Start of Given data

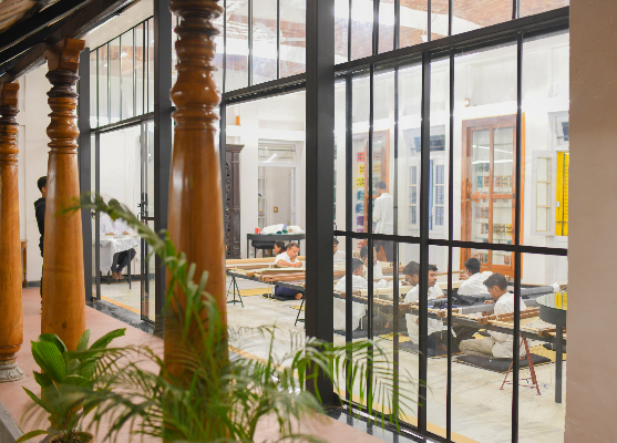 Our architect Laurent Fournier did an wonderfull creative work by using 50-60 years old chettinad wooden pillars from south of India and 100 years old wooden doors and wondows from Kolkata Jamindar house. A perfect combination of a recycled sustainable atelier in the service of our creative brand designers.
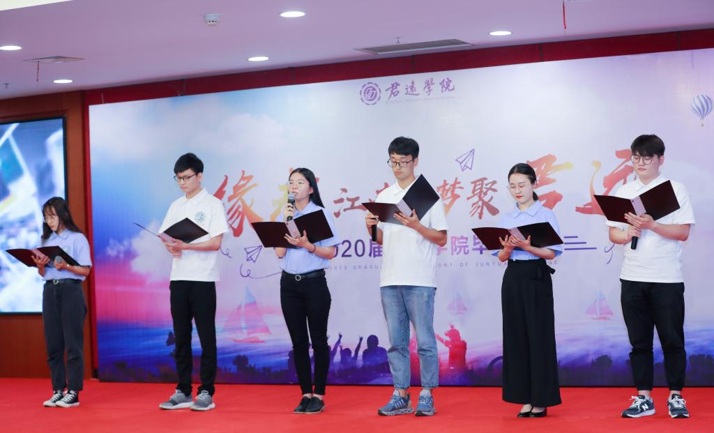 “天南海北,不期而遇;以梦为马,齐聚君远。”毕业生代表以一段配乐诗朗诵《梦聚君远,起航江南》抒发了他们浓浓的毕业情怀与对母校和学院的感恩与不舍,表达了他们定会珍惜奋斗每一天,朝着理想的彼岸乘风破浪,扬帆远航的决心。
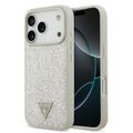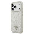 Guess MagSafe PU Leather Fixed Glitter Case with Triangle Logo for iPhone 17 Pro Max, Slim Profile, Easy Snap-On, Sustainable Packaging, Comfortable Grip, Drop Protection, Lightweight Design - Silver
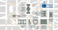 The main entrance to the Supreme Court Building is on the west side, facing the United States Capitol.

End of Given data
Start of Given data

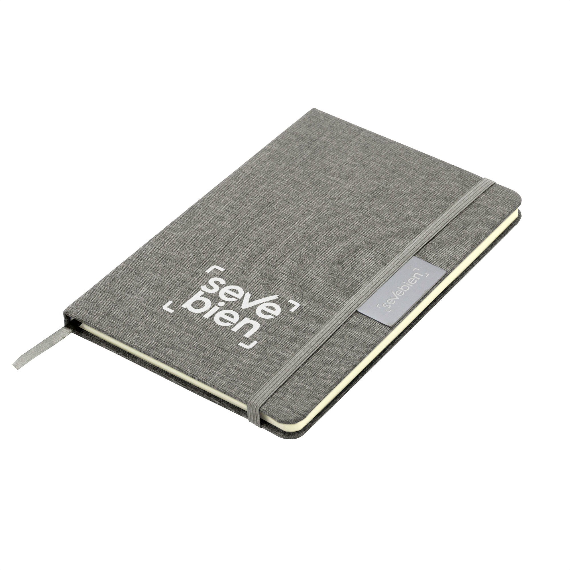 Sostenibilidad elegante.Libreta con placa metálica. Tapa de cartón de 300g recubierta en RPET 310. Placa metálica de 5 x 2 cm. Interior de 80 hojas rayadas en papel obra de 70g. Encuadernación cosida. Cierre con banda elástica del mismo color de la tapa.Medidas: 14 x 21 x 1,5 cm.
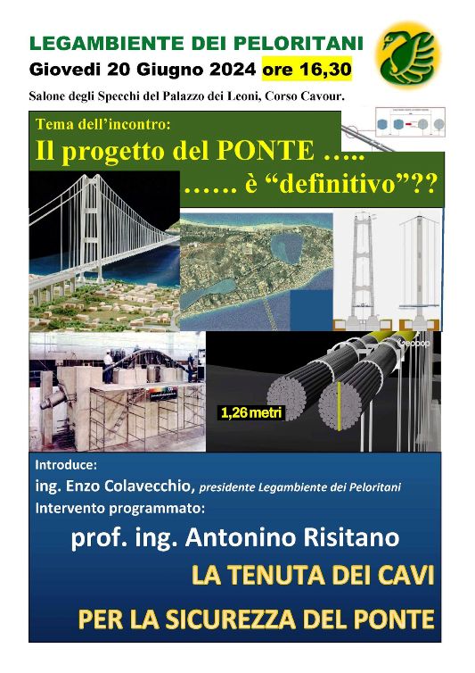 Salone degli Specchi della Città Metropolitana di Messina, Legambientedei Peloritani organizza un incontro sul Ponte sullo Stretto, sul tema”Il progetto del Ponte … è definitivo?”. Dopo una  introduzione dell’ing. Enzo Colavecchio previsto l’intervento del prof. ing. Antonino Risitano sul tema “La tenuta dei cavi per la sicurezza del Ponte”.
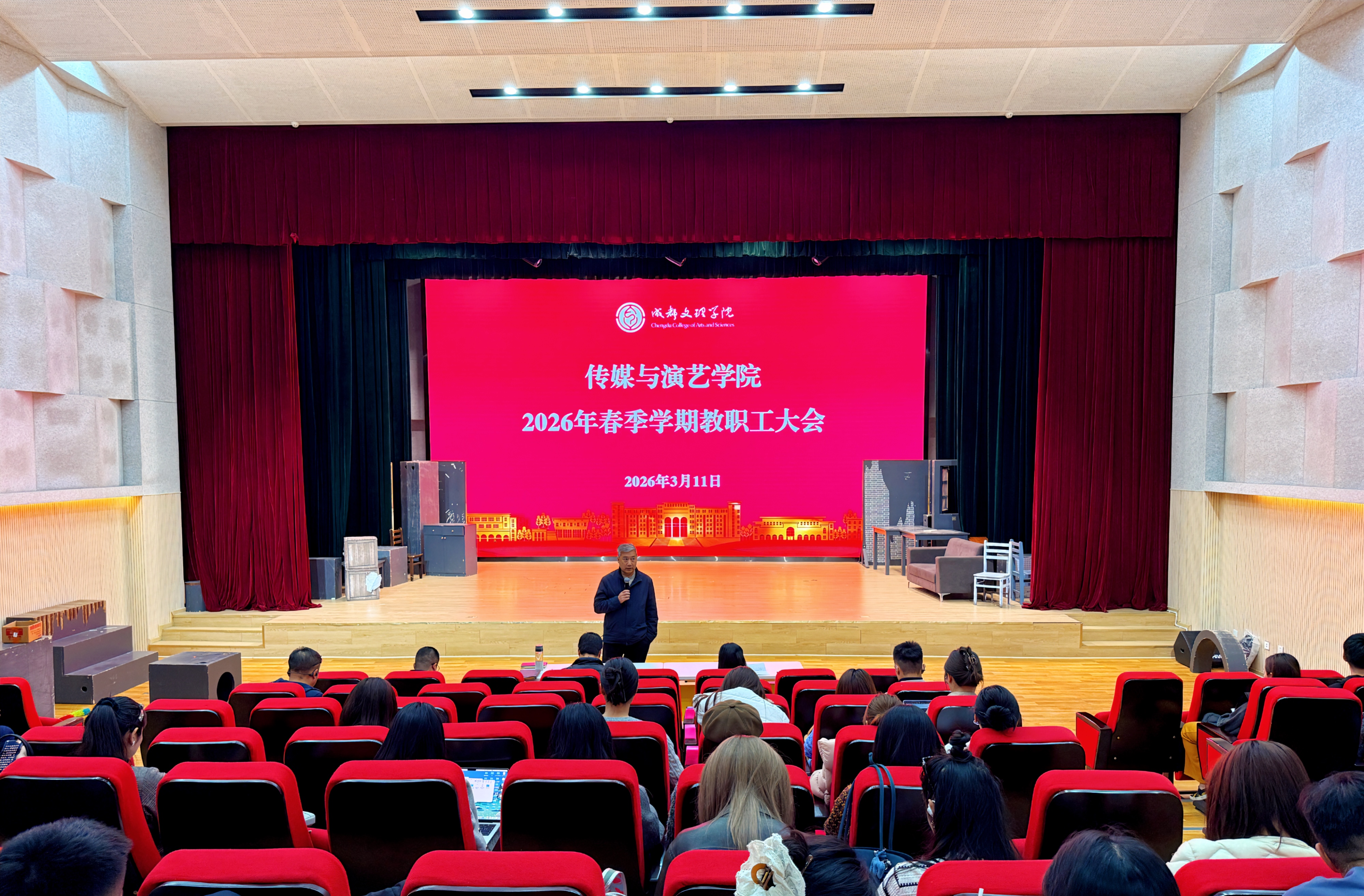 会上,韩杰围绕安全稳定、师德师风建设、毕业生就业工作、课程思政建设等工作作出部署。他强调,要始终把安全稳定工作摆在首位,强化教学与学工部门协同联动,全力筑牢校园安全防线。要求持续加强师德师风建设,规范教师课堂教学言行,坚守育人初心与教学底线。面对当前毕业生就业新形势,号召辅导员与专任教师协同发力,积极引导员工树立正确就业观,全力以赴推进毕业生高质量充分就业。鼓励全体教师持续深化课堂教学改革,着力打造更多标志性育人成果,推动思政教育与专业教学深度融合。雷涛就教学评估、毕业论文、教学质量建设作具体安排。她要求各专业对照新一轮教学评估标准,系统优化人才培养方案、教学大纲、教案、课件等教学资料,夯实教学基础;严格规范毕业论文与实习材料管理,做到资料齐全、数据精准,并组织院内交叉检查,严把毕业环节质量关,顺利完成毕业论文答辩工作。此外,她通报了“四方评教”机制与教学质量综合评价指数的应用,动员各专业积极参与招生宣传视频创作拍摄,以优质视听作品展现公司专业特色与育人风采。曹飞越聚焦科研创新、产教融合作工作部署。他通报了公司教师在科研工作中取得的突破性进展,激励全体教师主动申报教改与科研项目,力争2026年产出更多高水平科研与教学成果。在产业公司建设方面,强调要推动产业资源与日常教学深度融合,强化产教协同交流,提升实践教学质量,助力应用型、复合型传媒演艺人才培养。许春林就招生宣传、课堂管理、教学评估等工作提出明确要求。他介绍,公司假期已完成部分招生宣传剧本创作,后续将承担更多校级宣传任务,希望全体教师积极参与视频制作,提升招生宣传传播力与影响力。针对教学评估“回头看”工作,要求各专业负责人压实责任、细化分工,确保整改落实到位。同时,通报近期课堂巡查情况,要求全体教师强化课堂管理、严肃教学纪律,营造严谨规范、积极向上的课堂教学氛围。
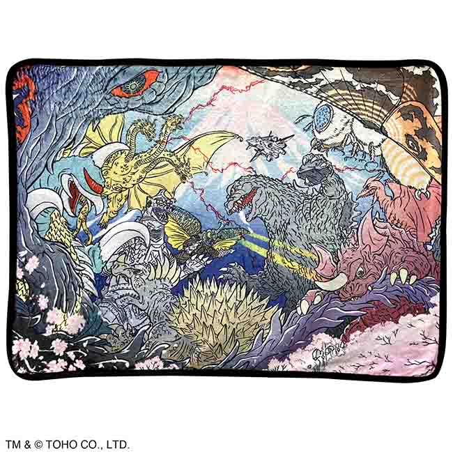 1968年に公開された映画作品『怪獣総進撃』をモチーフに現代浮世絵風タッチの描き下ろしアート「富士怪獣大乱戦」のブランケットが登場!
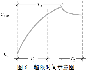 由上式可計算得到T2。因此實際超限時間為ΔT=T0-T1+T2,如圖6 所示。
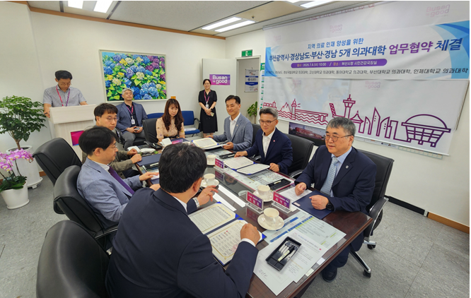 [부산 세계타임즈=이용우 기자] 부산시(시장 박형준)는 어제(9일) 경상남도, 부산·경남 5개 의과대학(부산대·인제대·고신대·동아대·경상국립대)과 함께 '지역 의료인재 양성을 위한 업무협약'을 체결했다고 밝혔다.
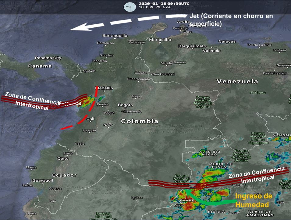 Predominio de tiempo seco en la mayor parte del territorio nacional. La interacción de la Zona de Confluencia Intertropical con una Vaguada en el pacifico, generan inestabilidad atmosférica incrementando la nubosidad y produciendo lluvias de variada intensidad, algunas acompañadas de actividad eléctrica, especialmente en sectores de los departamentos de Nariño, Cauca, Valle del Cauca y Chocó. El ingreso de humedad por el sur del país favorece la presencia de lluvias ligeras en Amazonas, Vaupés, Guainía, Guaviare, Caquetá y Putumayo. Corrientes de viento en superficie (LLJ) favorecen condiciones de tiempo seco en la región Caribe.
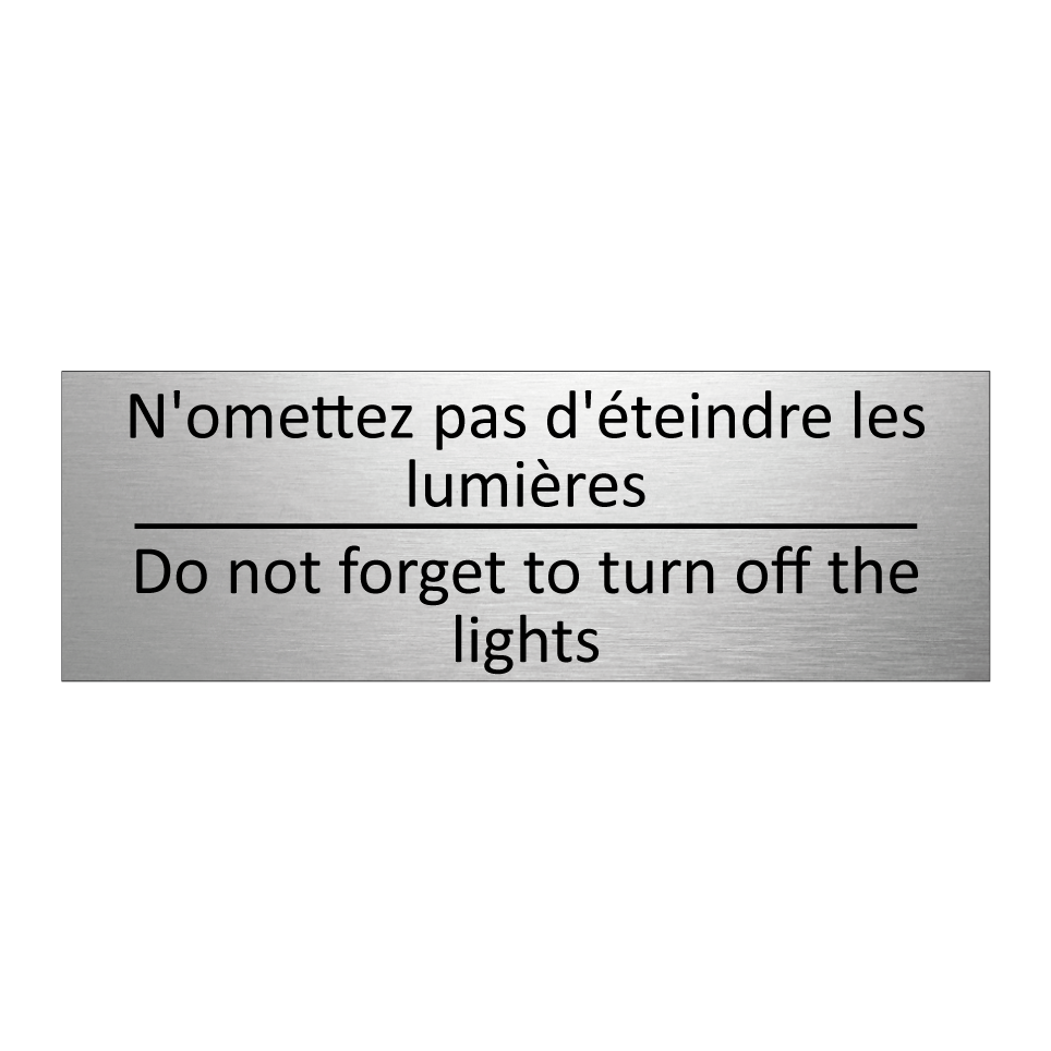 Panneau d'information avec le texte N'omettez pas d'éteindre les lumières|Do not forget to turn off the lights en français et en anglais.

End of Given data

**What you have to do:** Write out word for word the lines above that run from the one with "Guess MagSafe PU" to the one with "The main entrance". Include both end lines; exclude the images.

**Solution to this problem:**
 Guess MagSafe PU Leather Fixed Glitter Case with Triangle Logo for iPhone 17 Pro Max, Slim Profile, Easy Snap-On, Sustainable Packaging, Comfortable Grip, Drop Protection, Lightweight Design - Silver
 The main entrance to the Supreme Court Building is on the west side, facing the United States Capitol.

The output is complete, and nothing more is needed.